Category: EDGE

  • BANGKOK – Vietnam’s economic growth will halve if sharply higher U.S. tariffs are implemented, an expert warned, highlighting the precarious situation for Southeast Asian countries despite a surprise 90-day reprieve from President Donald Trump’s tariff sledgehammer.

    Southeast Asian nations face some of the highest tariffs threatened by Trump, which would burden even the region’s relatively wealthier countries such as Malaysia and Thailand. With limited options, many are offering concessions to the U.S. and avoiding retaliatory measures.

    Vietnam, which sends about 30% of its exports to the U.S., is in a “precarious position,” said Nguyen Khac Giang, former head of political research at the Hanoi-based Vietnam Institute for Economic and Policy Research.

    If the threatened 46% tariff on Vietnamese exports is enacted, annual economic growth would drop to 3%-4% from about 8%, he told an online panel organized by the ISEAS – Yusof Ishak Institute in Singapore.

    “Half of our textiles and footwear is exported to the U.S.,” he said. A big rise in tariffs, Giang said, “could mean the mass layoff of millions of Vietnamese workers.”

    “For Vietnam that would be very devastating because we are still in the period of development when we have to depend a lot on labor intensive manufacturing,” he said. “It could be very bad, not only for Vietnam’s economic development but also for stability.”

    Trump on Wednesday announced a 90-day pause on higher tariffs for many countries hours after they were supposed to go into effect. At the same he raised tariffs on China to 145% after Beijing hiked its retaliatory tariffs against the U.S. to 84%.

    U.S. President Donald Trump is handed a Vietnamese flag as he is greeted by students at the Office of Government Hall in Hanoi, Vietnam, Feb. 27, 2019.
    U.S. President Donald Trump is handed a Vietnamese flag as he is greeted by students at the Office of Government Hall in Hanoi, Vietnam, Feb. 27, 2019.
    (Leah Millis/Reuters)

    Trump’s tariff shock therapy is purportedly aimed at encouraging a revival of American manufacturing, which fell as a share of the economy and employment over several decades of global free trade and competition from production in lower-cost countries.

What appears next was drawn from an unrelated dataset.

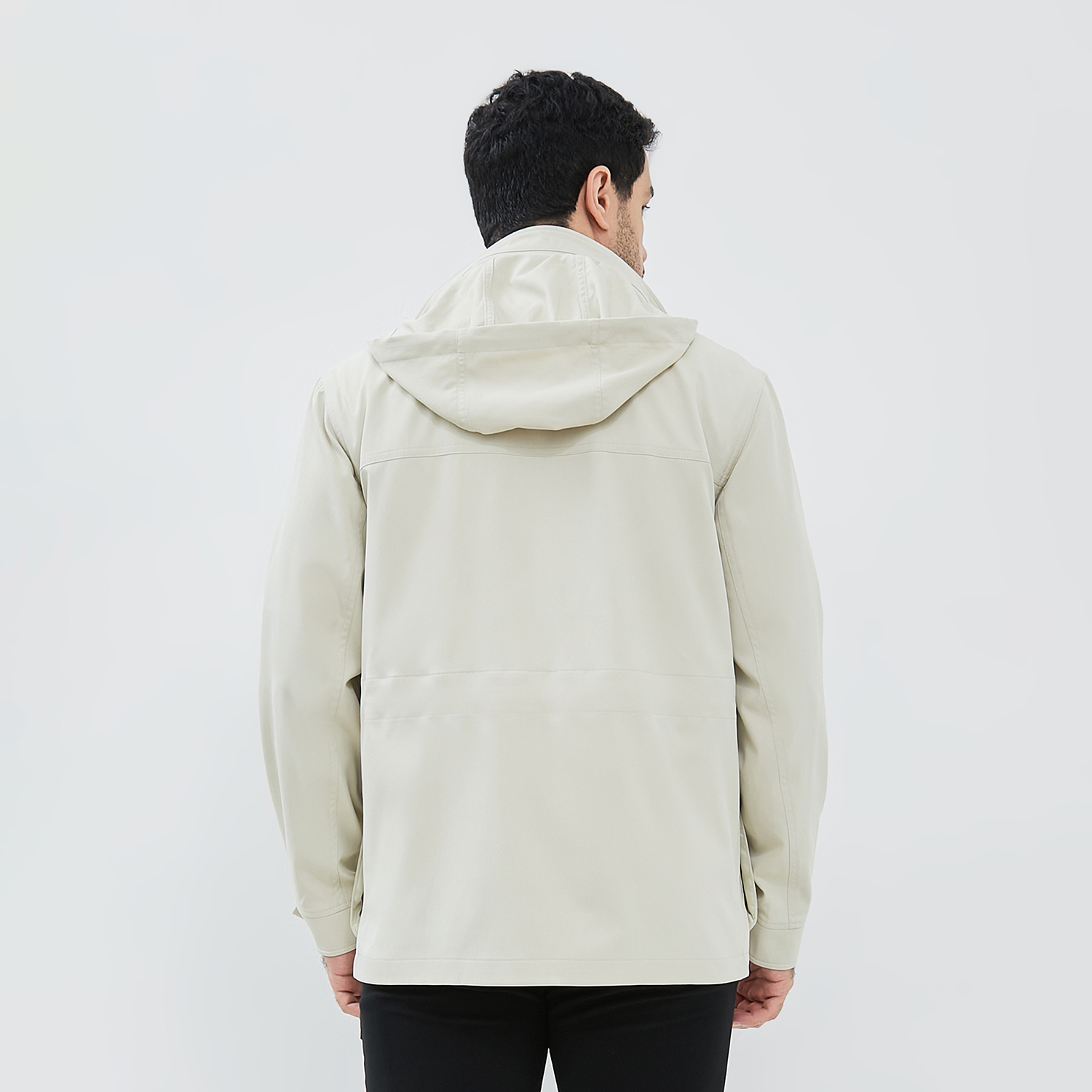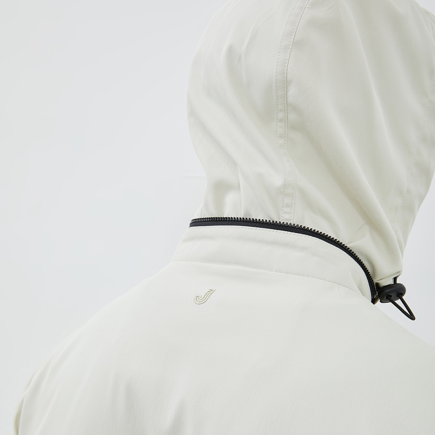 Kerah bagian belakang berfungsi sebagai tempat penyimpanan hoodie, memberikan tampilan yang clean sekaligus praktis

    Any changes could take years as many American corporations have made substantial investments in overseas production. Efficient manufacturing in the U.S., like elsewhere, also is reliant on components produced in other countries.

    The impact of higher U.S. tariffs on Southeast Asian countries will be determined by how dependent each economy is on international trade and the U.S. in particular.

    Some such as Vietnam have relied heavily on exporting to provide jobs and raise living standards and are reliant on both the Chinese and U.S. markets.

    Other such as Myanmar, riven by civil war since 2021, have relatively little trade with the U.S., but business owners in the country told RFA that some industries and workers could still suffer.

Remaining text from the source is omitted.